Lifting the mask at Margiela
The designer made his return in 2014 as creative director of Maison Margiela, the house having remained under the direction of his design team after Martin Margiela's departure. His return to the catwalk was illustrated by an all-red collection, generating widespread enthusiasm. His contract was renewed for 2019, putting Galliano in charge of the house's womenswear, menswear, accessories and couture departments. Unlike his stressful experience at Dior, his role at Margiela shows him to be more serene, approaching his tasks with pragmatism rather than getting carried away. Observers of Galliano's creative process see an incredibly practical and focused approach emerge once the smoke had cleared. What's more, the house's revenues have increased since his arrival, while preserving its signature blend of history and innovation, deconstructing design stereotypes. For the Artisanal 2022 collection, Galliano presented a medieval gothic tale about two lovers on the run after parricide, unveiling a new motif, Sandstorming. He enlisted the help of long-time models Amber Valetta and Anna Cleveland. When he started at Margiela, the maison founder advised him to «make the house his own», advice Galliano took to heart, choosing a down-to-earth approach yet keeping a bold outlook on innovation.

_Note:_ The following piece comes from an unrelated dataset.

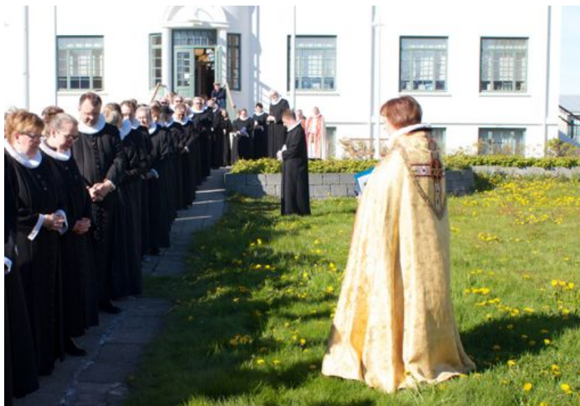
Við upphaf Prestastefnu 2014 á Ísafirði

Síðast var prestastefna haldin hér fyrir 35 árum, árið 1979, en þá voru nokkrir prestanna sem þjóna í dag, ekki fæddir. Þetta eru þó ekki einu skiptin sem Ísafjarðarkirkja hefur verið þéttsetin prestum. Árið 1925 var sá merki atburður

The designer is currently the subject of a documentary by Kevin Macdonald: High & Low - John Galliano. In the age of cancel culture, of which Galliano's story is perhaps one of the earliest examples, the director explores notions of forgiveness, redemption and atonement with the designer. According to the director, when asked why he agreed to take part in the film, the designer explained: «I'm not making the film because I want to be forgiven. I'm making the film to be understood a little better». So we see that the designer is not so much concerned with the optics or repetition of the events that led to his dismissal, but rather seeks to lift the mysterious cloud that protected him, while subjecting it to scrutiny. He says: «I now understand that I had no choice but to follow this path and stumble. It was a message sent by God. We are like children, we need to fall to learn.»